Menurut Zulkarnain, permasalahan itulah yang diperkarakan KPK. Sebab kata dia, di dalam perencanaan anggaran itu sudah memiliki prosedur tetap, yakni membuat Rencana Kerja Anggaran Kementerian Lembaga, kemudian diajukan ke Kepala Badan Perencanaan Pembangunan Nasional, Kementerian Keuangan, dan Menteri lembaga bersangkutan.
"Harusnya dibahas sesuai prosedur, jangan yang dibahas uang pelicinnya," kata Zulkarnain berbincang dengan wartawan.
Zulkarnain mengungkapkan, sebenarnya kasus ini terkuak karena ada saksi-saksi yang mau memberikan keterangan. Namun, lanjut dia, tak sedikit juga dari saksi itu memilih tutup mulut soal penyimpangan pembahasan anggaran.
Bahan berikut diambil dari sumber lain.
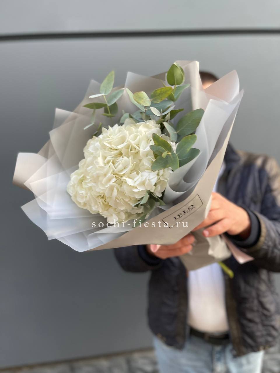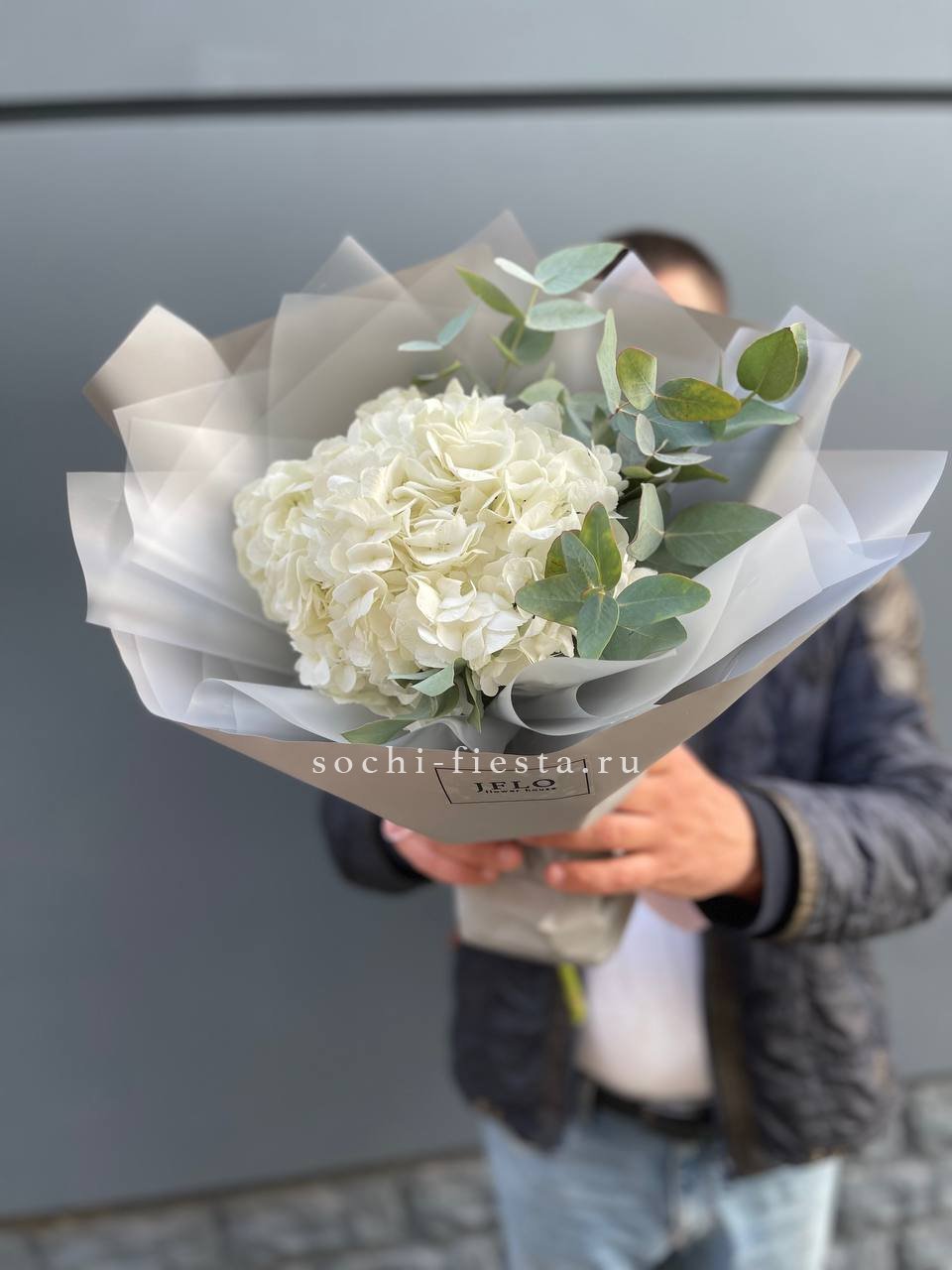 гортензия - 5 шт., лента, дизайнерская упаковка.

Zulkarnain mengambil contoh soal upeti pembahasan anggaran Kementerian ESDM oleh Komisi VII yang terungkap dalam sidang mantan Kepala SKK Migas Rudi Rubiandini.
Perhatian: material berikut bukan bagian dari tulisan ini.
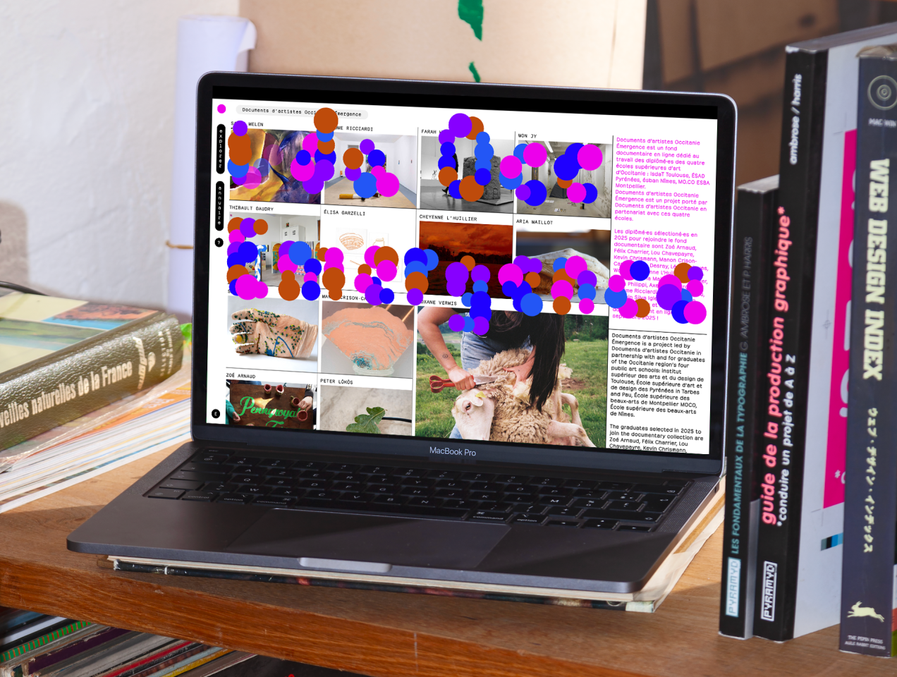 Le site, aujourd’hui composé de 40 profils, propose des dossiers monographiques réalisés par les jeunes artistes, designer·euses et designer·euses graphiques fraichement diplômé·es, avec la complicité de l’équipe de Documents d’artistes Occitanie. Chaque dossier se compose de reproductions photographiques de leurs œuvres, de vues d’expositions, de vidéos, de repères artistiques, de textes et de biographies.

Di dalam sidang terungkap ada permintaan uang suap dengan istilah 'buka-tutup kendang", yakni duit upeti mesti disediakan Kementerian ESDM dikumpulkan dari setoran SKK Migas dan Pertamina.
"Bukan substansi, tapi mencari celah-celah mana yang bisa dinegokan. Makanya kita tekankan lobi-lobinya yang benar, substansial. Begitulah dengan etika kita harap ada Standar Operasi Prosedur yang jelas," kata Zulkarnain.
Pada perkara ini, KPKsudah menjerat Sutan Bhatoegana sebagai tersangka. Namun Zulkarnain memastikan pihaknya sedang mengembangkan kasus itu, sehingga tak menutup kemungkinan sejumlah mantan anggota VII DPR yang akan menyusul Sutan.